“We cannot dissolve the movement of the peoples of water”

In March 24, 25 and 26, 2023, more than 25,000 people gathered in the Marais poitevin, the second largest wetland in France, for an international mobilization against mega-basin projects. These enormous giant craters, of about ten hectares, filled by drawing from the water tables embody the maintenance at all costs of an agro-industrial model which crushes the peasants and destroys the living environments. Already implemented in Chile for a few decades, their effects are devastating: the billionaire owners of avocado crops are hoarding water to fill mega-basins, while the surrounding villages are supplied by tanker trucks. “No es sequia, es saqueo! »sums up the popular slogan that echoes from Chile to Mexico – “It’s not drought, it’s looting! »

Pollution, overexploitation, commodification, land grabbing, disruption of water cycles: everywhere in the world the situation is critical. While water scarcity affects 40% of the world’s population, the agrifood giants Danone, Nestlé and Coca-Cola are appropriating spring water, depriving the indigenous peoples of Mexico, the United States and Canada. of their water, to sell it for exorbitant prices in plastic bottles. Elsewhere, mines and large dams are also multiplying, destroying the territories still inhabited by peasant and indigenous communities, in unison with capitalist injunctions to “decarbonise” economies.
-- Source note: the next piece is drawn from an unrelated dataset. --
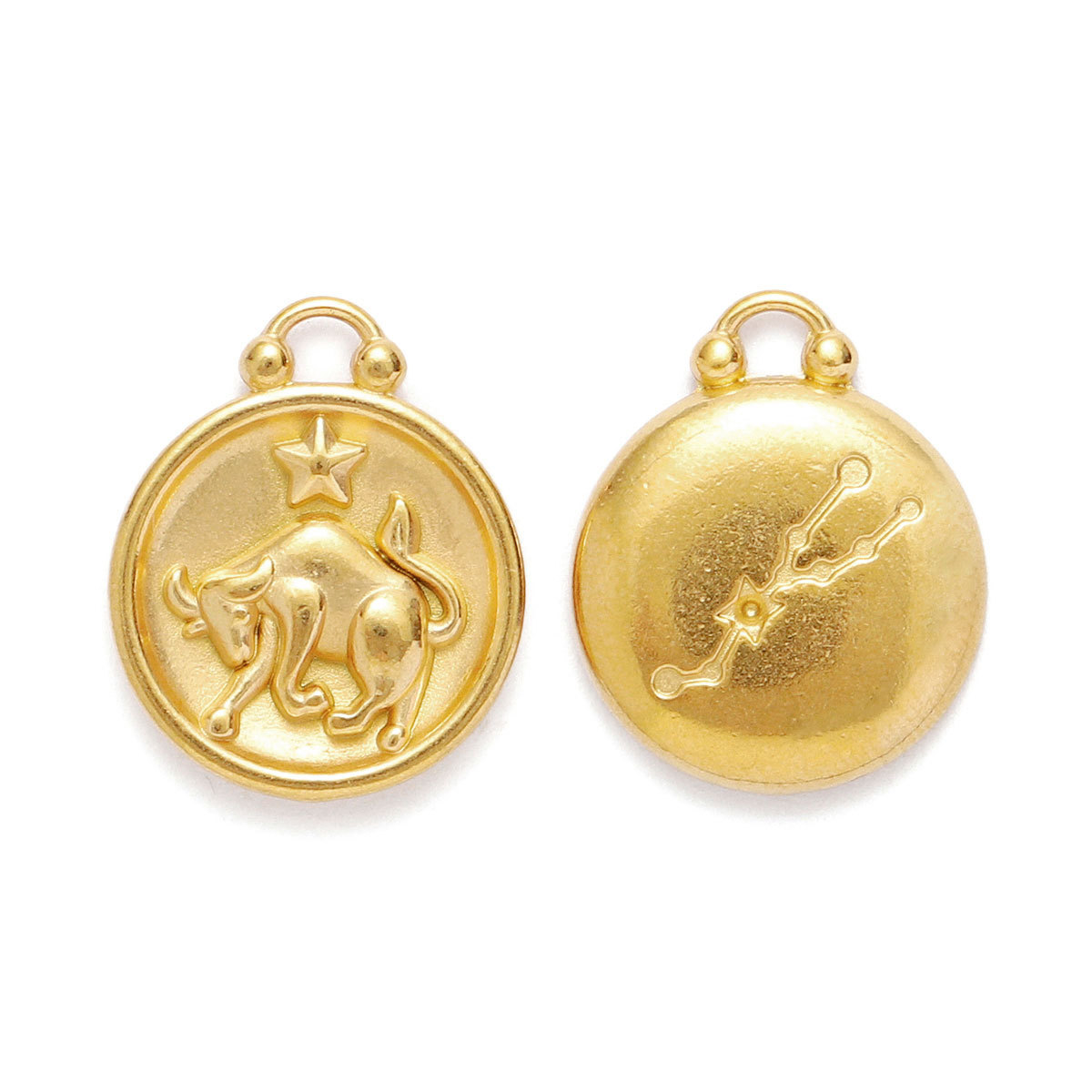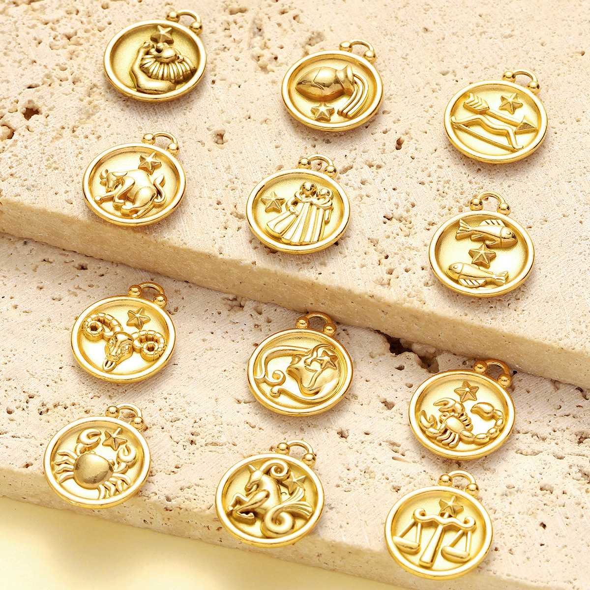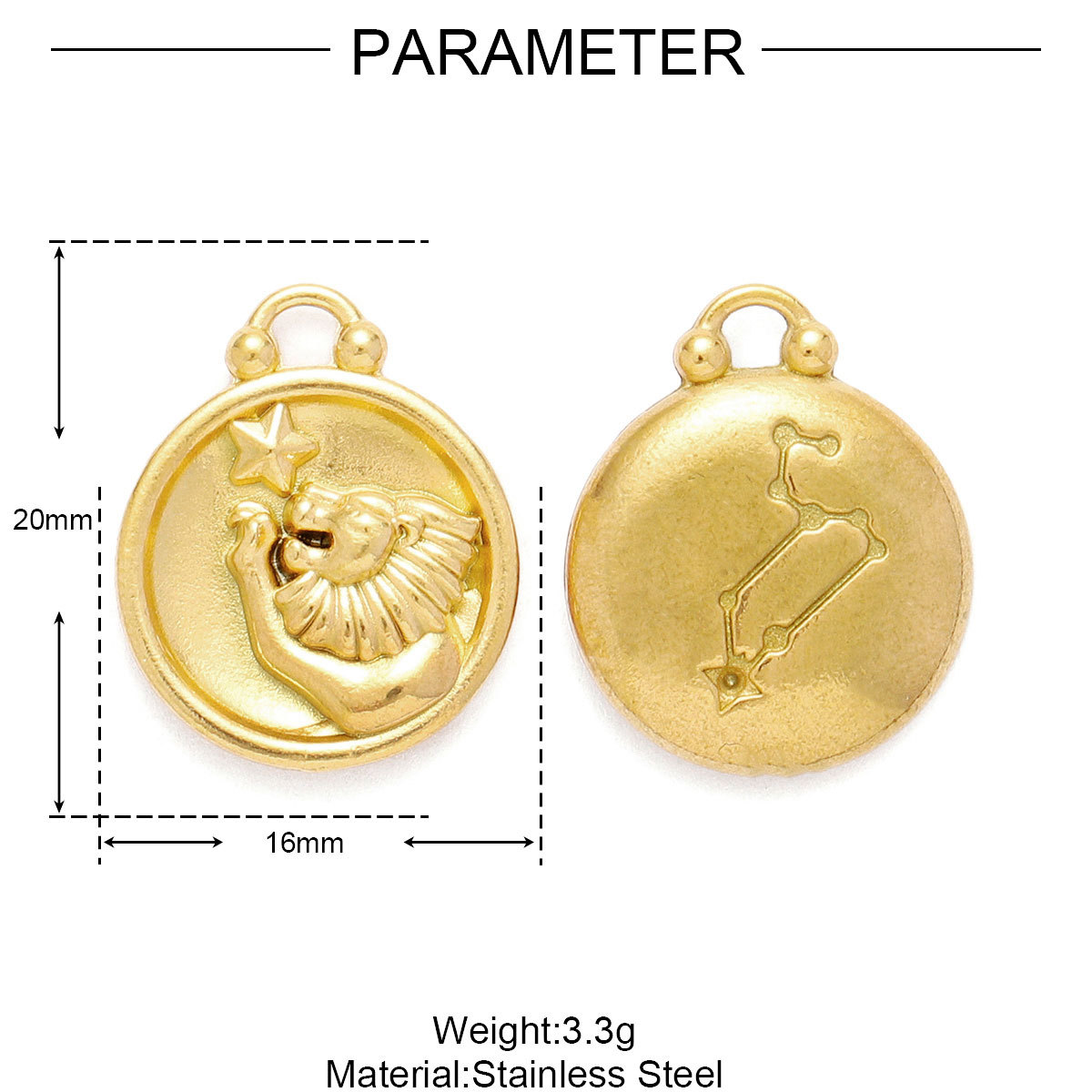 Acier inoxydable Constellation pendentif, Acier inoxydable 304, 12 Signes du Zodiaque, Placage de couleur d'or, DIY & modèles différents pour le choix, 16x20mm, 5PC/sac, Vendu par sac

Despite the “water war” in Cochabamba, Bolivia in 2000, the counter-summits, the recognition of the right to water, in 2010, by the UN, the privatizations and the financialization of water stopped progressing. Water even went public in 2020. In the face of this ecocidal offensive on water, land and our livelihoods, water struggles continue to swarm and connect across the world.

A growing vital revolt

Some of us were therefore physically present in Sainte-Soline (Deux-Sèvres) in France on March 25, to make our fights resonate and internationalize. We, Chilean activists fighting against the destruction of our ecosystems by authoritarian neoliberalism; activists from Mali and West Africa fighting to reclaim our land from land grabs; Kurdistan activists opposed to the relentless war waged by the Erdogan regime in Turkey, which uses water as a weapon; but also indigenous yukpa activists from Abya Yala, fighting for the self-determination of our peoples in the face of a colonial and extractivist system; of the Lakota nation, of Mexico; from the social centers of northeastern Italy or No TAV [non au TGV Lyon-Turin] ; French and European activists involved in hundreds of territorial struggles against destructive projects. Others were present through the warmth of our hearts and thoughts.